Es cierto que el faro nació después de la guerra naval, pero sus precedentes se remontan muchísimos años atrás. En el pequeño arrecife donde reside se hallaron varios yacimientos arqueológicos de época romana, en los que destaca una factoría de salazón y un templo dedicado a la diosa Juno.

Torre de Trafalgar

Los restos de la antigua Torre de Trafalgar | Wikimedia

Al lado del faro se encuentran también los restos de la antigua e histórica Torre de Trafalgar. Parte de su infraestructura fue derruida en el siglo XIX debido a su mal estado de conservación, siendo aprovechados algunos de sus materiales para la construcción del actual faro. Actualmente hay discrepancias en cuanto al origen de la torre, pues unos creen que fue una atalaya musulmana del siglo IX, mientras que otros señalan que su construcción es un edificio de vigilancia del siglo XV que el Duque de Medina Sidonia mandó a construir para proteger sus pesquerías de la zona.

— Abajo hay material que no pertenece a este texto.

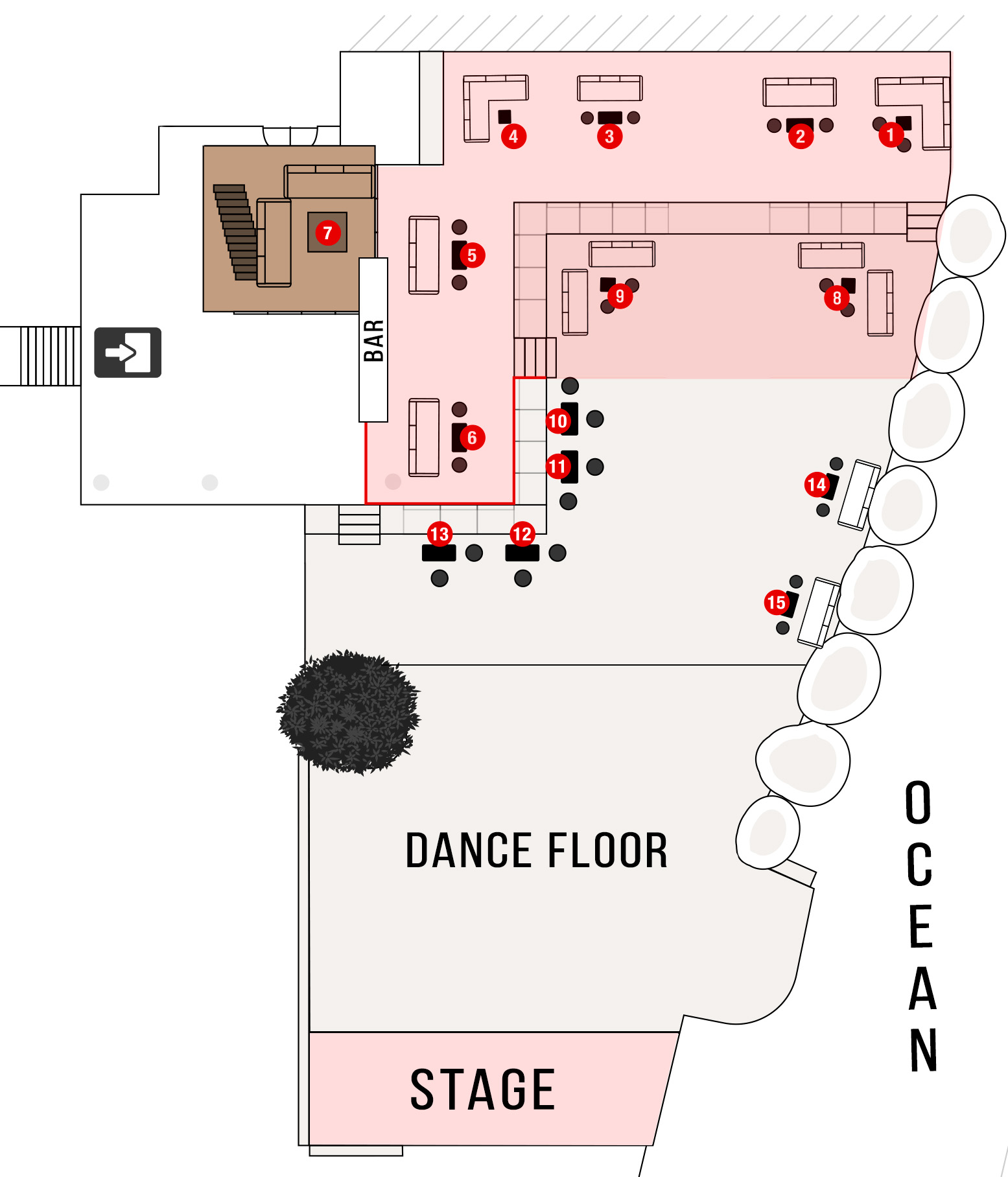 -Tables (VIP & Regular)- Улучшенная зона с персональными столиками. В цену билета включено обслуживание официантами, сет закусок, а также бутылка алкоголя на выбор (в зависимости от категории стола).

Esta última es la versión más extendida de las dos, sobre todo porque es un momento que coincide con el proyecto de fortificación que había encargado Felipe II en las costas andaluzas para defenderlas de los continuos ataques berberiscos. De hecho, el edificio conectaba con la Torre de Meca y la del Tajo, conformando así un sistema defensivo cuya misión era dar aviso a las poblaciones cercanas de la presencia de piratas en el mar.



El Tómbolo y las playas de Trafalgar

La conexión del cabo con la costa es posible a través una delgada lengua de arena llamada el Tómbolo de Trafalgar, una de las maravillas naturales de esa zona. La unión de la península y el pequeño istmo tuvo lugar hace unos 6500 años, cuando el nivel del mar alcanzó su cota actual.

Vista del Cabo de Trafalgar desde una de sus playas

Vista del Cabo de Trafalgar desde una de sus playas| Shutterstock

El valor geológico de la zona hizo que fuera declarado Monumento Natural por la Junta de Andalucía en 2001. Su interés reside en que es el único ejemplo de la comunidad que cuenta con un tómbolo doble, creado a través de la arena arrastrada por las mareas. Gracias a ello, se puede apreciar el bello paisaje de dunas de fina arena, las extensas playas que presenta y la zona rocosa sobre la que se asienta el faro.

Mientras tanto, a la izquierda del gran Faro de Trafalgar se encuentra una de las playas vírgenes más impresionantes del litoral gaditano. Brinda una belleza singular a todo aquel que la visita gracias al efecto que provoca la combinación entre arena dorada y aguas cristalinas, extendida a lo largo de 20 kilómetros de costa. Lo mejor de todo es que apenas hay construcciones alrededor, por lo que le da un ambiente libre y relajado.

La Playa del Faro es tan extensa que se divide en dos zonas. La más cercana al torreón es la Playa de los Bancos, donde se dan las corrientes de agua más fuertes de toda la costa, por lo que hay que tener extrema precaución a la hora de visitarla. Un poco más alejada del faro se encuentra la Playa Aceitera, una zona un poco más serena si se quiere disfrutar de un buen baño.

Atardecer en el Cabo de Trafalgar

Atardecer desde una de las playas del Cabo de Trafalgar | Shutterstock

En esta gran playa se da uno de los fenómenos más impresionantes, pero también más temibles del estrecho. Lo llaman la riza de Trafalgar, y se da cuando se originan corrientes submarinas de distintas direcciones causadas por las mareas. Es un fenómeno que puede llegar a ser extremadamente violento.

Algo más tranquila y accesible es la Playa de Marisucia, localizada en la parte izquierda del Faro de Trafalgar. Es considerada como una de las playas más bonitas y vírgenes de de Caños de Meca, al tener una de las aguas más cristalinas de la zona y estar rodeada de dunas naturales. Aunque todos coinciden que lo más sobresaliente de la playa son sus vistas, pues en los días más claros se puede ver incluso la costa marroquí.